Wir sind damit zugleich in der Gegenwart, denn menschenverachtende diskriminierende Einstellungen finden sich stabil in erheblichen Teilen der Bevölkerung, wie langjährige Studien der Friedrich-Ebertstiftung zeigen. Damit müssen wir uns als Gesellschaft auseinandersetzen, das ist der Sinn der Mahnung an die Nazi-Diktatur.

Nach der Studie „Die fragile Mitte“ ist in diesem Jahr die Studie „Die enthemmte Mitte“ veröffentlicht worden. In gewisser Weise hatte die Leipziger Studie bereits von zwei Jahren die rechtspopulistische Anfälligkeit großer Bevölkerungsteile vorausgesagt.

Die neue Studie zeigt nun keine wesentliche Zunahme rechtsextremer Einstellungen. Dazu gehören die Unterstützung einer rechtsautoritären Diktatur, Chauvinismus, Ausländerfeindlichkeit, Sozialdarwinismus und die Verharmlosung des NS-Regimes.
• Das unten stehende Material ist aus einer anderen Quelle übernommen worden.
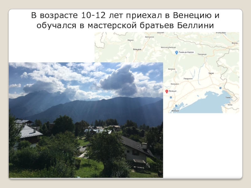 Слайд 32В возрасте 10-12 лет приехал в Венецию и обучался в мастерской

Die meisten Einstellungskriterien haben im einstelligen Bereich eine geringe Verbreitung, die Ausländerfeindlichkeit ist aber mit 22 Prozent ähnlich hoch wie der Chauvinismus mit 17 Prozent. Bezüglich des Vorurteils, dass Ausländer nur hierher kämen, um den Sozialstaat auszunützen, stimmen sogar 40 Prozent der Bevölkerung im Osten und 30 Prozent im Westen zu.
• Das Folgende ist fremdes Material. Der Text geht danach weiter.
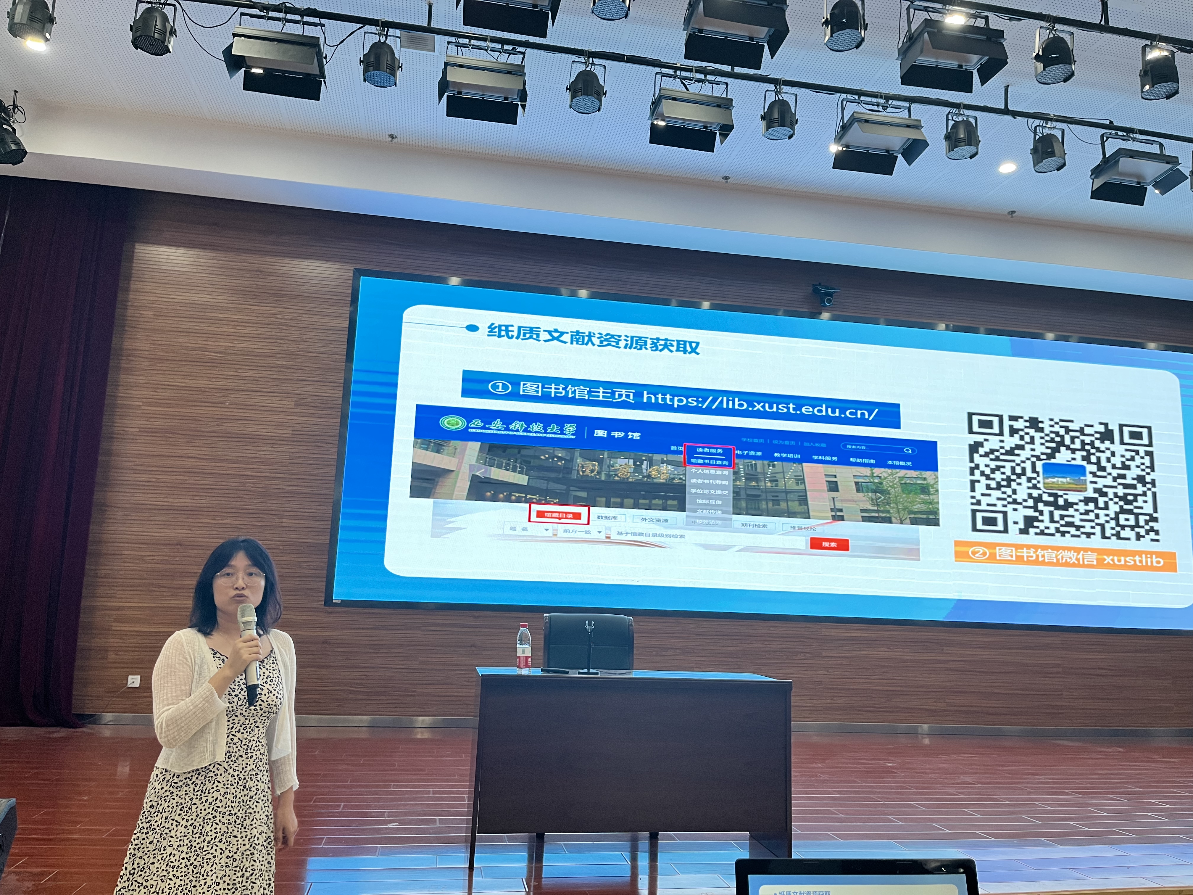 第一场由王璇老师主讲的《研究生入馆教育》报告主要分为两大部分内容,一部分是关于学科研究前沿资源检索与获取;另一部分是研究生图书馆的入馆教育。在学科前沿检索与获取方面,王璇老师就检索途径、检索策略、文献获取方式、文献管理工具展开详细演示,还对比了不同的检索途径和工具,分析其优缺点,帮助广大新生更好地理解和应用这些内容。在研究生入馆教育方面,王璇老师从图书馆基本情况、文献资源学习、研究支持和信息素养培育四个方面展开,详细介绍我校图书馆的空间、资源和相关服务。旨在引导研一新生们如何更快的学习融入科研生活并为其提供广阔而丰硕的科研环境,培养他们独立研究及实践能力。

In den vergangenen Jahren wählten Menschen mit rechtsextremen Einstellungen überwiegend die großen Volksparteien CDU und SPD, selten die faschistische NPD. 2014 hatten Forscher die AfD als neuen politischen Anker für rechtsextremes Potential gesehen. Tatsächlich ist diese Prognose eingetreten. Besonders bei Ausländerfeindlichkeit und Chauvinismus findet sich eine große Anfälligkeit in der Wählerschaft der AfD. Das zeigt sich besonders bei der Betrachtung der Islamfeindschaft, die sich in großen Teilen der Bevölkerung findet, bei AfD-Wählern aber bei 86 Prozent liegt.

Wer Bücher verbrennt, verbrennt am Ende auch Menschen, hatte einst Heinrich Heine gewarnt. Heute brennen nicht Synagogen, wie vor fast 80 Jahren, sondern Flüchtlingsheime. Nur ein Bruchteil dieser Verbrechen wurde bisher aufgeklärt. Deren Täter kommen, wie einst, aus allen Schichten der Bevölkerung.
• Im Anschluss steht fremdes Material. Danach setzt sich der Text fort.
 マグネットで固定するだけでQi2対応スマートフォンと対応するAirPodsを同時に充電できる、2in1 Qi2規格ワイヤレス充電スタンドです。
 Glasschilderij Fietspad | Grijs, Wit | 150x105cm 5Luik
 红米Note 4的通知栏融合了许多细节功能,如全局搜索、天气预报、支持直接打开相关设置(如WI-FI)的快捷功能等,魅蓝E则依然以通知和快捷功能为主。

Nach dem Einzug der rechtspopulistischen AfD in den neunten Landtag müssen wir uns fragen, ob die Saat von neuem Rassismus, von Nationalismus und Chauvinismus, von Liebäugeln mit einer Diktatur, von antisemitischen und antiislamischen Vorurteilen wieder aufgeht.

Wir müssen uns auch fragen, warum von 94% der Bevölkerung, die in der Demokratie eine gute Idee sehen, nur 50 % der Menschen sie in Deutschland gut umgesetzt sehen.

Deutschland verändert sich gerade. Diese Veränderung sollte uns wachrütteln.